In beautifully controlled flashbacks, Stephen recalls the time he and his friend Keith became convinced that Keith's mother was spying for the enemy, Germany. Obsessively observing Keith's parents, the boys uncover not the exciting melodrama they expected but some tragic, yet painfully ordinary, adult secrets.
It is the writing that is the star of this excellent book. The use of a child as narrator is a tour de force as the story is teased out, the reader's perspective changing with Stephen's developing understanding of what he sees.
Right to the end there are twists and turns which alter our view of events. Out of a tiny series of incidents, insignificant in the face of world events at the time, Frayn coaxes comedy, suspense and drama.
The writer is fascinated by the way fiction, and memory, can play with perspective. Who is loyal, who betrayed, who the spy and who the spied upon change according to the individual and cultural perspective of the observer. What people see is often complicated by what they think and feel.
Even language is not a trustworthy means of communication: to an adult "privet" is a label for a hedge, to a child, a misspelled plea for privacy. Frayn exploits both the comic and tragic potential of these differing perspectives with great skill.

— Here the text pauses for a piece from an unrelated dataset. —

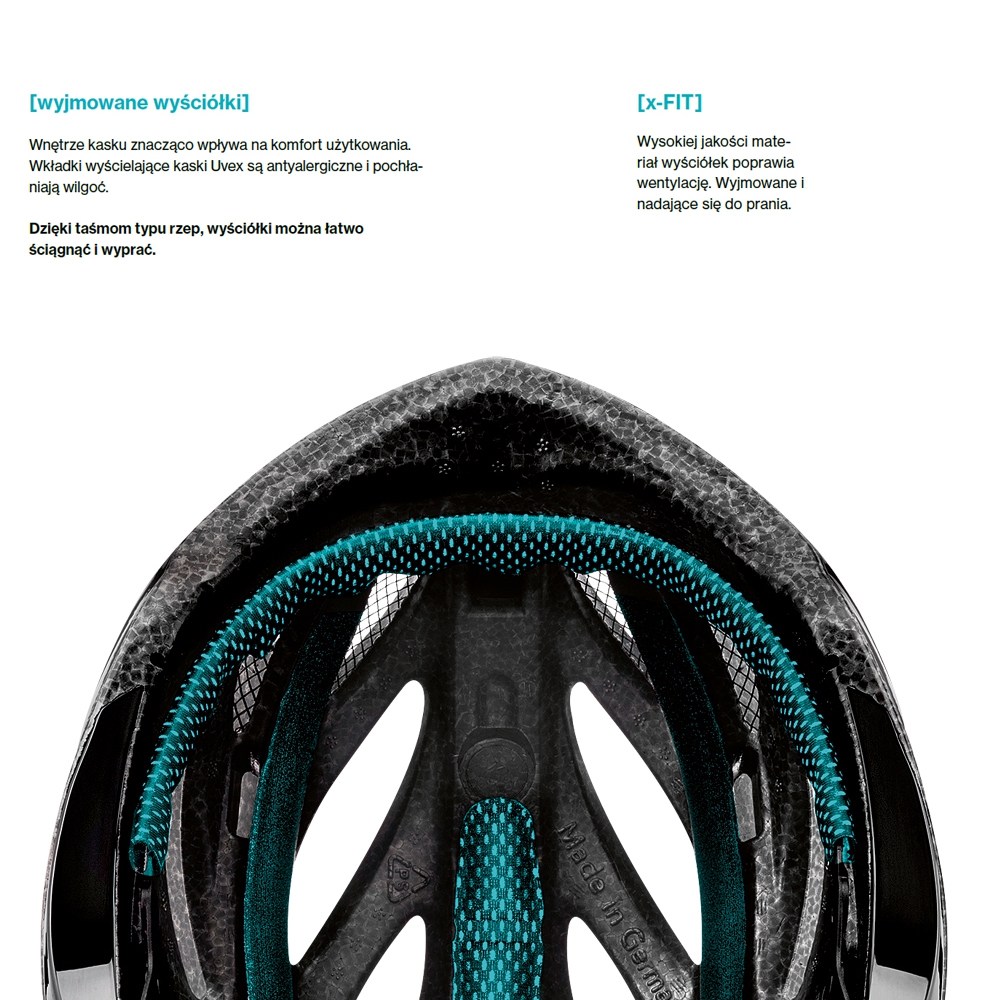 Poza perfekcyjnym dopasowaniem kasku niezwykle ważnym aspektem jest wentylacja. W kaskach Uvex jest ona niewątpliwą zaletą. Kanały wentylacyjne są ułożone w taki sposób aby zachować aerodynamiczny kształt kasku oraz zapewniać komfort i odpowiednią temperaturę wewnątrz kasku. Kask rowerowy Uvex Stride posiada aż 17 otworów wentylacyjnych gwarantujących optymalne dostarczenie świeżego powietrza. Przednie otwory wyposażone są w siatkę ochronną przed owadami. Wnętrze kasku znacząco wpływa na komfort jego użytkowania. Wkładki wyścielające wykonano z wysokiej jakości materiału poprawiającego wentylację. Antybakteryjnie wkładki mocowane na rzep, dzięki czemu można je łatwo wyjąć i wyprać. Wyściółka znajduje się na obwodzie kasku oraz w jego szczycie. Do kasku można dokupić lampkę Uvex Led i zamocować z tyłu kasku.

Spies also captures the confusion Stephen feels as, desperate to be a hero, he discovers that he, and indeed all the adults he knows, are very unheroic.
In his mind he is at the centre of a childish adventure story with all the reassuring certainties such stories have about good and evil.
But his desire to divide his world neatly into heroes and villains fails miserably, and his feelings for people do not always fit with his assessment of their behaviour as right and wrong.
Cruelty comes not from the baddies but from the character Stephen's community would see as the wronged party.
And he is half in love with his friend's mother, only to discover that her beauty and elegance are not symbolic of goodness and innocence as he had assumed, and that her courage takes a very confusing form.
Spies is a satisfying exploration of betrayal, bravery and memory from an accomplished writer, totally in control of his material.
Penguin
$34.95
* Sue Younger is an Auckland documentary-maker.